Inspired by two unrelated LinkedIn posts. One was bemoaning that they didn't see much success in using AI for route planning. Another bemoaning that operations research (OR) doesn't get the same time in the spotlight as AI does.

OR is about using the power of math to come up with definitive answers to questions such as how to best pack parcels onto different trucks and then send them to different destinations. Generally it's about finding the solution to a problem that maximizes or minimizes some objective function subject to some constraints.
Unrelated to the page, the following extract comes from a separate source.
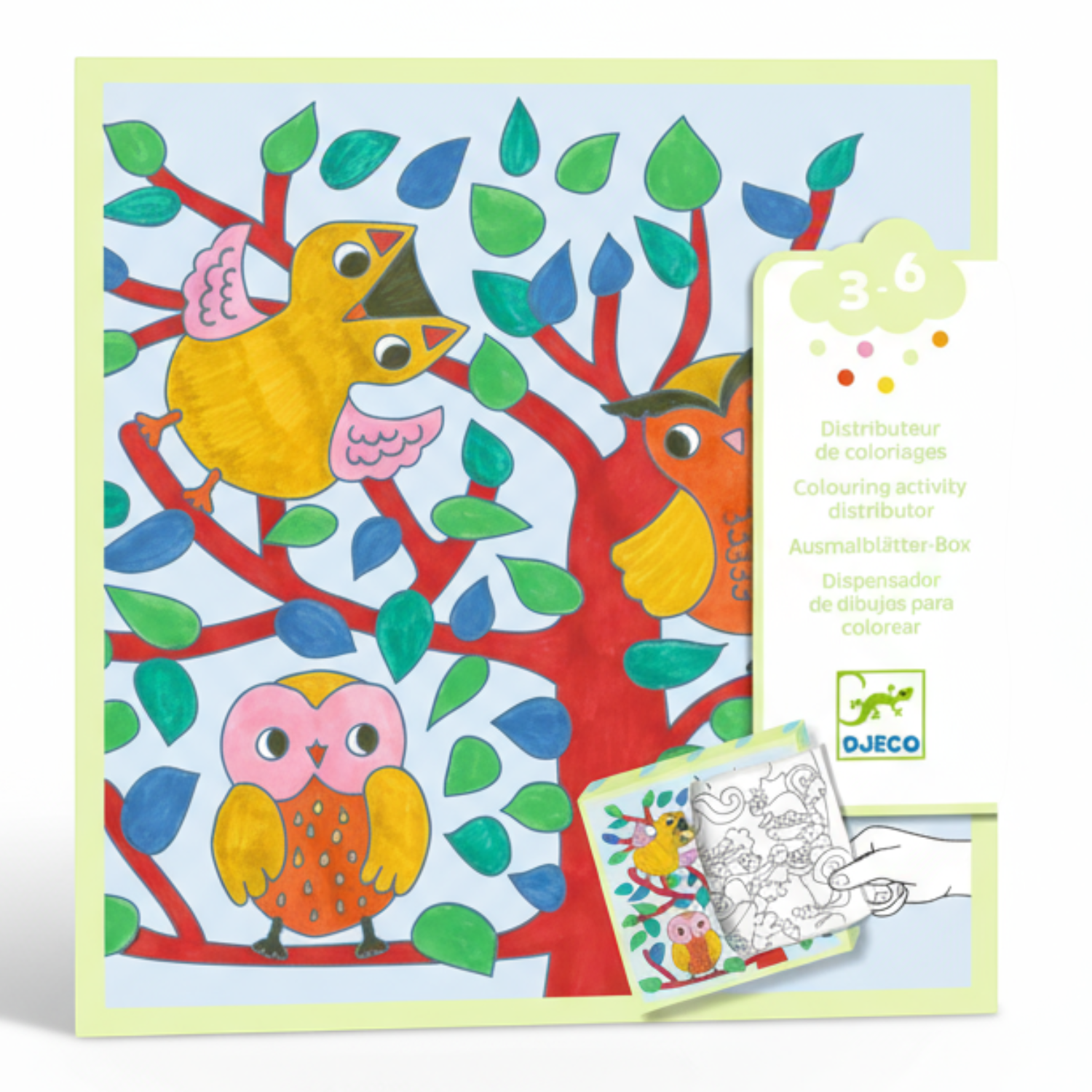Zrób otwór w pudełku w przygotowanym wcześniej miejscu i wyjmij pierwszy arkusz: czy będzie to kolorowanka czy gra? Przekonaj się sam! Zestaw zawiera 10 arkuszy do pokolorowania i 10 arkuszy z grami związanymi z lasem. Wykonany z papieru i kartonu posiadającego certyfikat FSC®.

I've seen first hand how OR is treated as the ugly step sibling of AI. At a previous job, in a pre-sales call, we were looking at a slam dunk OR problem. But the client kept pushing, because they wanted an AI solution. Maybe to impress investors, maybe to access special purpose government funding. Either way, the project didn't make sense that way and the client lost out on actually solving their problem.

In a way, AI and OR complement each other. OR solutions are mathematically precise and require no training data. They're great for "narrow road" problems where and slight departure from the right path leads to an invalid answer instead of just a "good but not great" answer.

Where OR lacks though is ease of use. Taking a messy real world problem and shoving it into the mathematical formulations amenable to common solvers is hard, highly specialized work. You can't just hand a trucking company a license to Gurobi (a popular tool for optimizing so called mixed integer problems) and be on your merry way.

So that's where AI can come up the rescue. I have great hopes for what a generative AI interface into the arcane OR tools could do.

Because many people in industry I talk to have problems much more suited for OR, yet they are looking for solutions among the AI tools, because that's what everyone, from LinkedIn influencers to the big consulting firms, is pushing.